PROVIDED RECORDS:
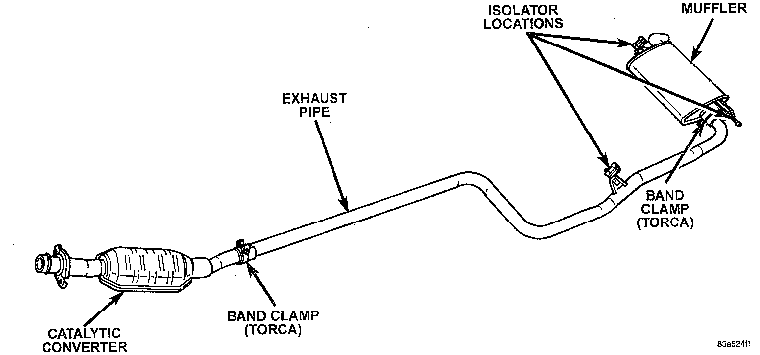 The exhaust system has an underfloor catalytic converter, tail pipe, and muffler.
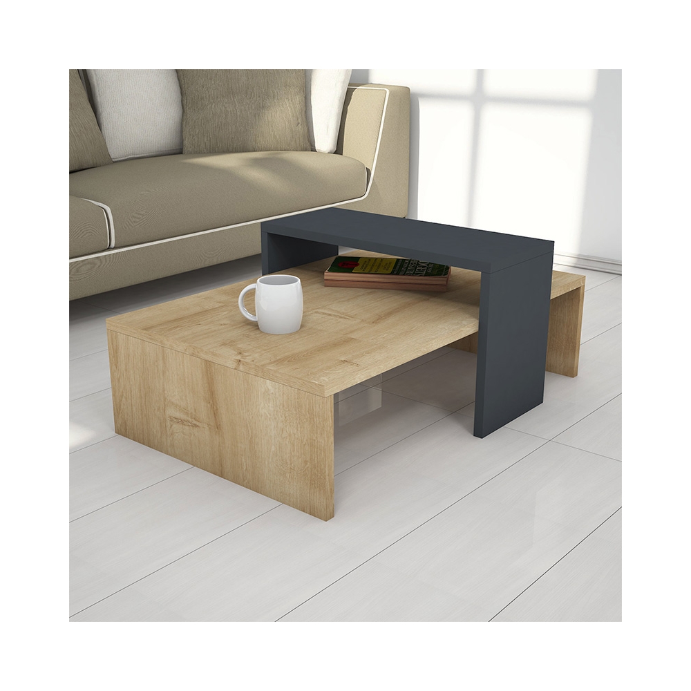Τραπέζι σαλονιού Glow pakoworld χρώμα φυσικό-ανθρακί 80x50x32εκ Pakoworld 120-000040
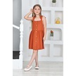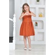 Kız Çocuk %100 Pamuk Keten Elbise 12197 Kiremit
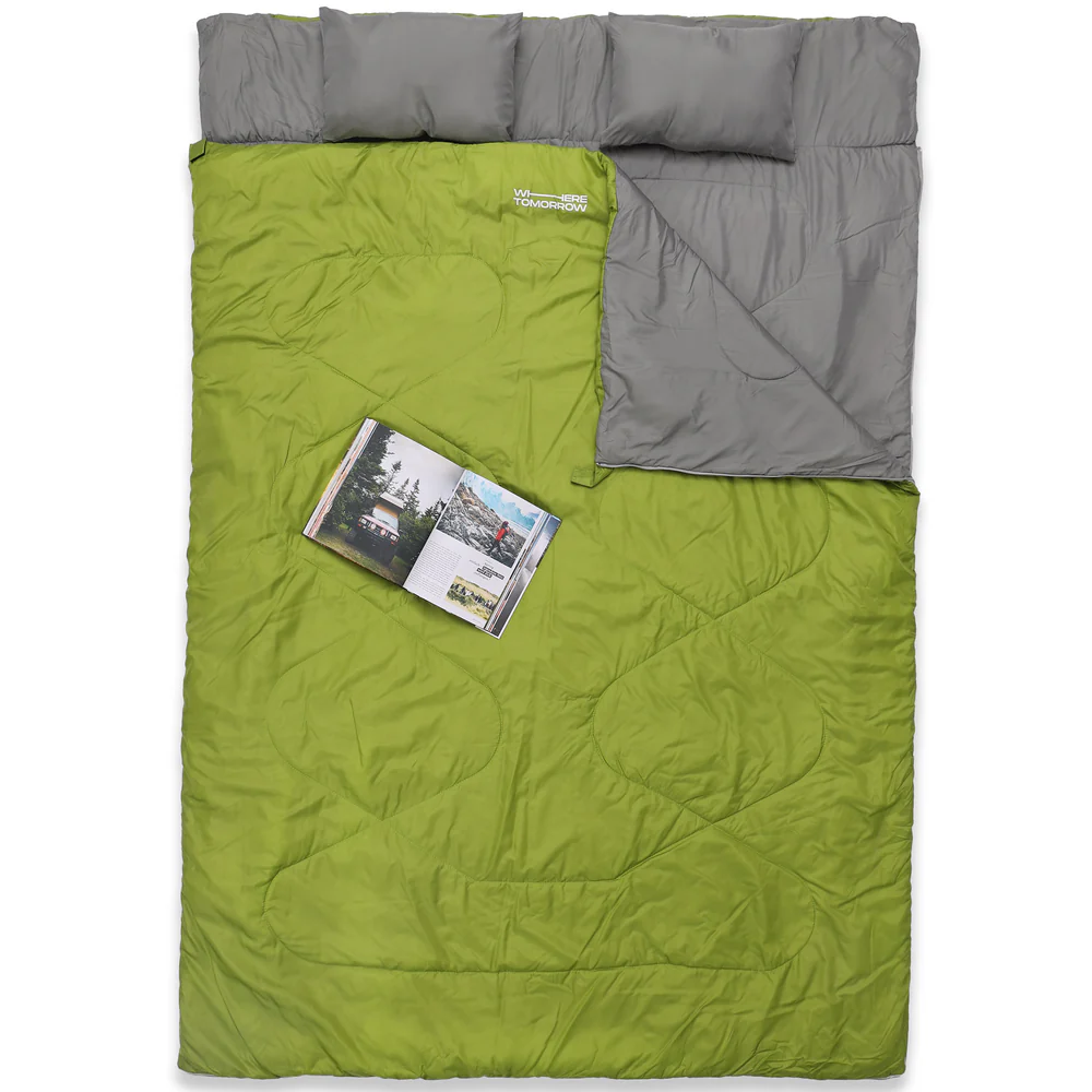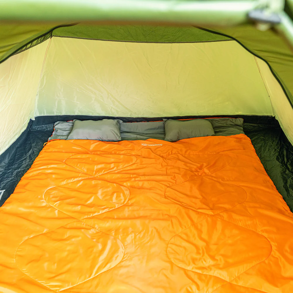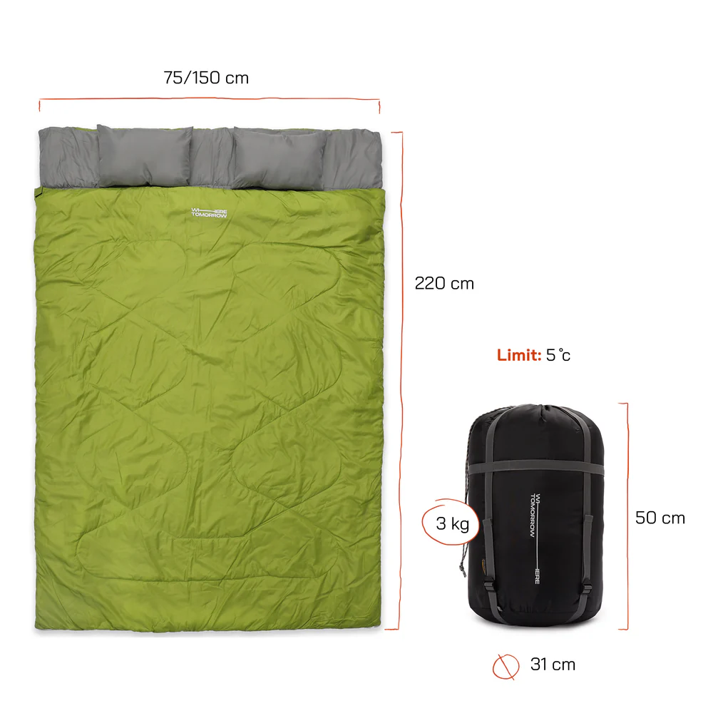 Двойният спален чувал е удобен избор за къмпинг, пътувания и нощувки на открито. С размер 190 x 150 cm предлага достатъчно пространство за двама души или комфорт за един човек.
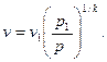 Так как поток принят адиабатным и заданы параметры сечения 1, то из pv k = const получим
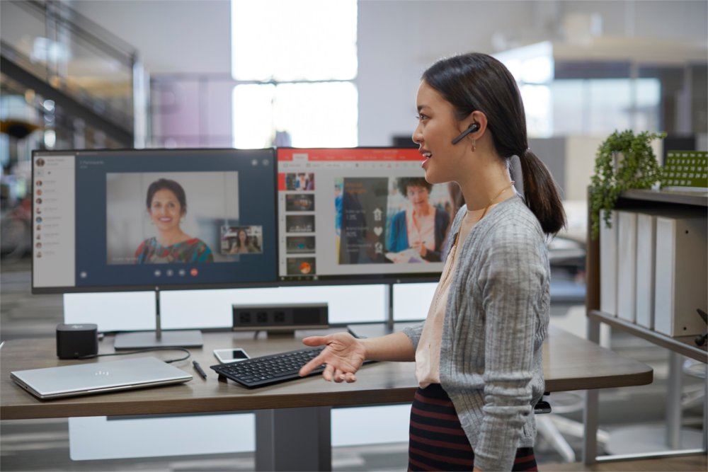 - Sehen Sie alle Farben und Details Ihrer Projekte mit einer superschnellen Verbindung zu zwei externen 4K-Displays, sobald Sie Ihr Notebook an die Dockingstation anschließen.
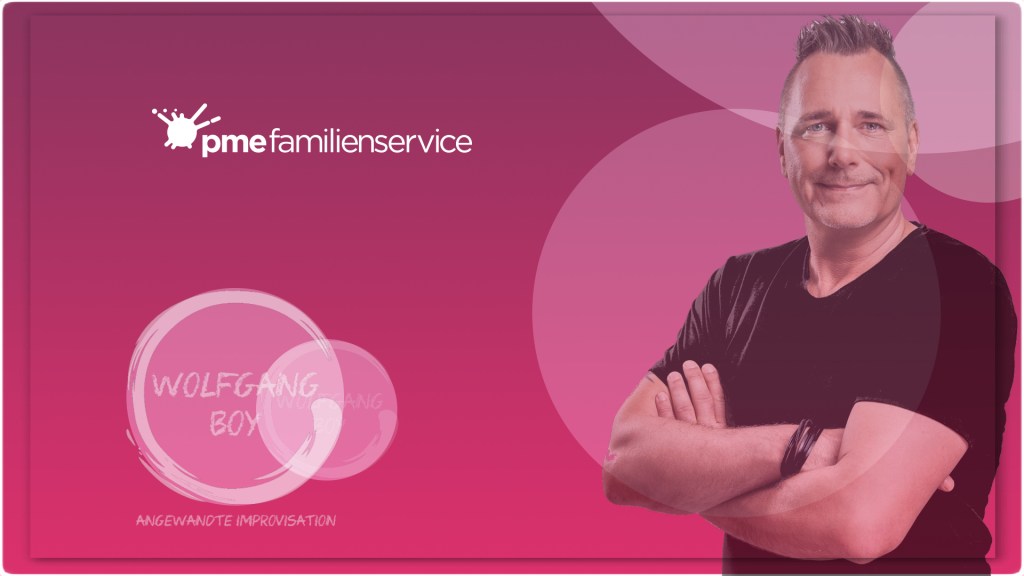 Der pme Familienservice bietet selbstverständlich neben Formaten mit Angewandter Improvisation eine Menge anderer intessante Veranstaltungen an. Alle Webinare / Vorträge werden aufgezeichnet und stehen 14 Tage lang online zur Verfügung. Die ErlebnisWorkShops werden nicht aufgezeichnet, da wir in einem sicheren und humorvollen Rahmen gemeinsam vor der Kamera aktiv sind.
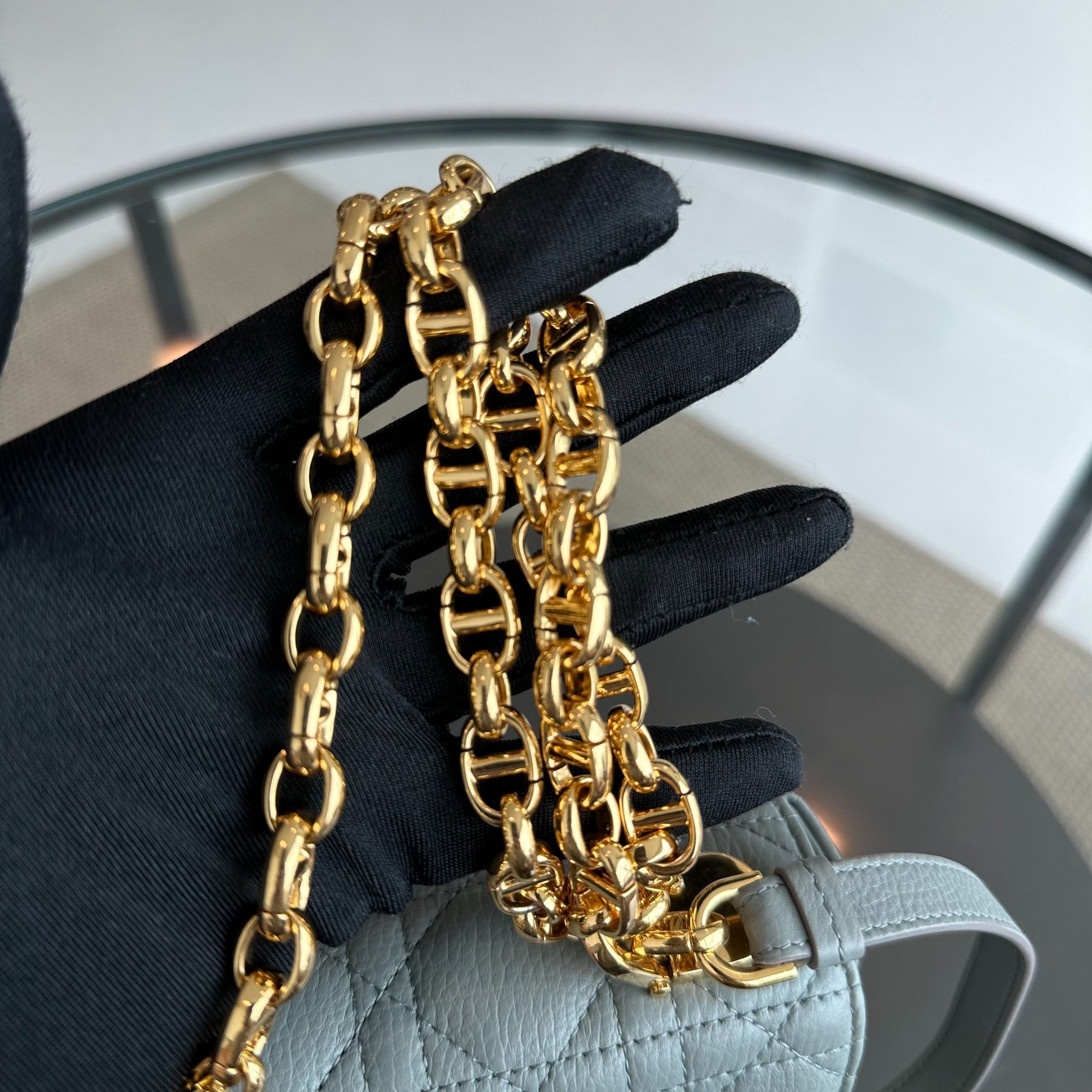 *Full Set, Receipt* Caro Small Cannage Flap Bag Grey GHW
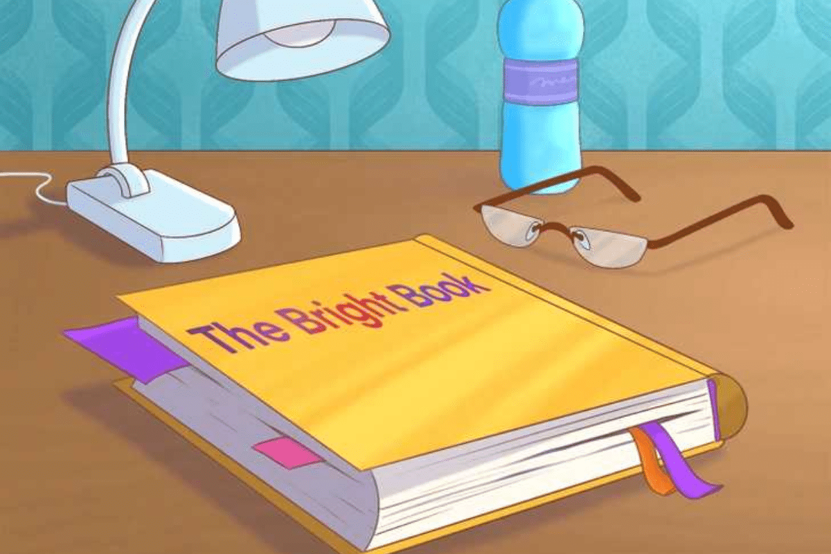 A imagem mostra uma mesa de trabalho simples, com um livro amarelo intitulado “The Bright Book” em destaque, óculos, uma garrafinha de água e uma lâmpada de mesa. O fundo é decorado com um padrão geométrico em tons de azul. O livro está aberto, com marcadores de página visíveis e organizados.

GOAL OF THE EXERCISE: From the line that holds "Bag Grey GHW" to the last line of the data, return those lines exactly and nothing else; both ends count, and pictures stay out.

SOLUTION TO THIS EXERCISE:
 *Full Set, Receipt* Caro Small Cannage Flap Bag Grey GHW
 A imagem mostra uma mesa de trabalho simples, com um livro amarelo intitulado “The Bright Book” em destaque, óculos, uma garrafinha de água e uma lâmpada de mesa. O fundo é decorado com um padrão geométrico em tons de azul. O livro está aberto, com marcadores de página visíveis e organizados.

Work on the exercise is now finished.